I’m pretty tired today. Went to my place to get a few more things that I needed. This was after picking up my niece and dropping her off at home … All this with my mom of course. I decided to go with her at the last minute. Being home all the time I’m sure is adding to me feeling depressed. I’ve also realized that I don’t have a lot of close friends. Tons of acquaintances but friends that are going to come see me or spend time with me. Not too many. The couple of friends that would spend time live at the opposite end of the city. Sucks.

Talked to my cousin (surgeon) and her husband (anesthetist) today and they helped me feel more comfortable about the surgery. I’m still a little nervous but I feel a little more at ease.

Last chemo treatment coming up. I need to do something to celebrate. Or at least take advantage of the couple of weeks prior to surgery where I feel ok. Would be nice to go away for a week in December before surgery … I’m going in April or whenever radiation is over and I can go BUT would be nice to go around the holidays. 3 weeks from now I’m going to go get a massage, mani and pedi though!

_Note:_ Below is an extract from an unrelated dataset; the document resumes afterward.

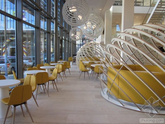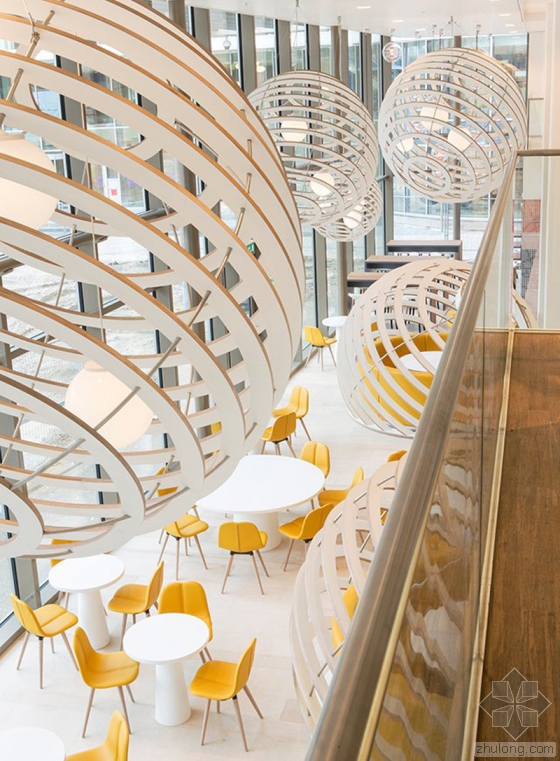 在大楼的进门处,人们可以通过那个三层楼高的休息大堂,看到建筑内的大致状况,一架复杂的楼梯将所有的楼层都联系起来。这里的主色调是中性的亮色,包括白色的墙壁、天花板、家具以及浅色的木质地板,这一切都让整个空间显得无比温暖。空间里的一些地方好像被溅上去的蓝色、黄色和绿色斑点,又恰到好处的打破了整体那种简洁的略显沉闷的浅色,给这里带来一丝有趣和俏皮的动态感。

I’ve been thinking about the friendships in the last 15 years that I didn’t nurture. More in the past than recent years. Friends that probably would have still been good friends today. I’ve also been thinking about the guys that I could have had relationships with that were good guys that I just wasn’t receptive to. I almost feel like I’m starting over with friends, men, and my career. It’s almost like being 20 all over again. Being 20 minus the feeling of being care free with your whole life ahead of you. SIGH.